A group just got off the Eagle today. There is a river wide strainer in the river, best estimation is near the Eagle County Airport, and another smaller strainer just above. Both are protruding from the right bank. By the pictures I saw, the larger one is still attached to the bank, so high water will most likely not take it anywhere. Looks like high water might open up a channel on the left, especially if some trimming occurs. They ended up portaging and were approached by a landowner letting them know that they were on private property. So getting in to do a full clean-up might come with some challenges. Be safe out there.

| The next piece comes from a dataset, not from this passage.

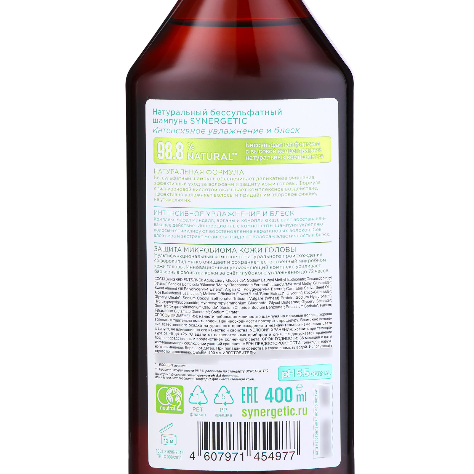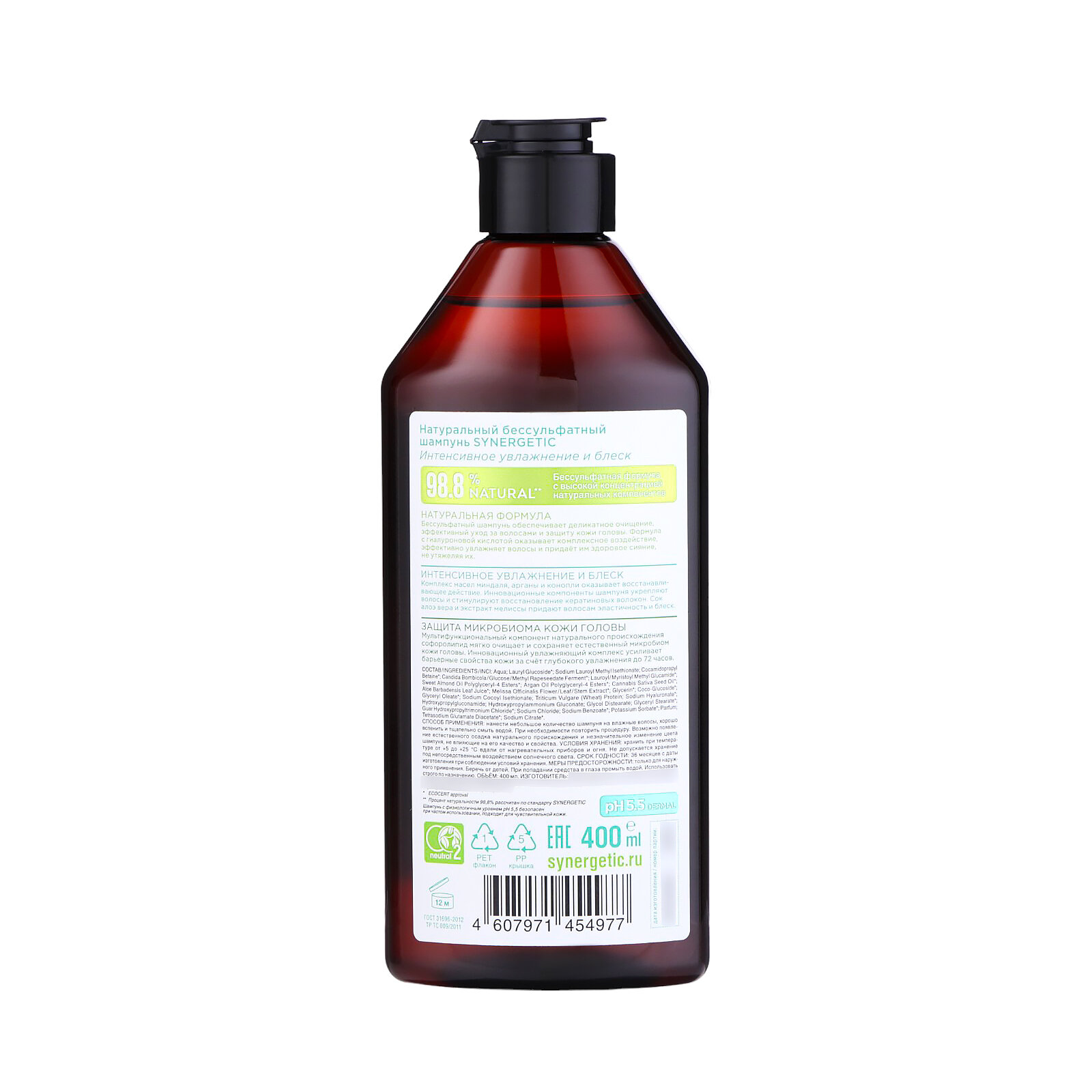 Натуральный бессульфатный шампунь SYNERGETIC Интенсивное увлажнение и блеск 400 мл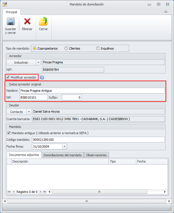 Si el acreedor original no es el mismo que el actual para este mandato, active la casilla Modificar acreedor e indique en las casillas inferiores el nombre, NIF y sufijo correspondientes al acreedor original del mandato. Estos datos serán incorporados en las domiciliaciones SEPA que se generen.

Posted this to the Access Page and thought these copied to the General Forum, thought it would be a good place to post as well.


----------



## ArgoCat (May 14, 2007)

The Eagle County Sheriff's Office took the lead on organizing the removal of the strainer. Thank you to all involved.


----------



## Acheron (Apr 5, 2021)

Thank you very much for coming back to update this thread!!


----------



## Acheron (Apr 5, 2021)

Here is a picture of what's left. There were some guides floating who told me the river was still blocked and they were lining their rafts down the drop if you take the channel river right. I went to the left figuring I could squeeze through one way or another.

It was also hard to tell if the strainer was just under the surface of the water. As I approached I could see the water rolling very smoothly into the rapid, as if it was rolling over something.

Honestly, maybe I play it safer than I could, and it sounds like at least some of the guided fishing trips are as well, but this still looks like a raft ripper and a hazard to me.

The pic doesn't show it well and makes the area look much wider than it is! There is a rock in the middle right (not the rock you can see in the pic, it's more in the middle of the run), just as you enter the rapid which you have to squeeze between and the cut tree, which is pretty dang tight spacing.


----------



## Acheron (Apr 5, 2021)

Ran it again late last week and it looks like that arm sticking out in the previous pic has had more cut off. I did not stop to take a pic but had no reservations about running it this time.


----------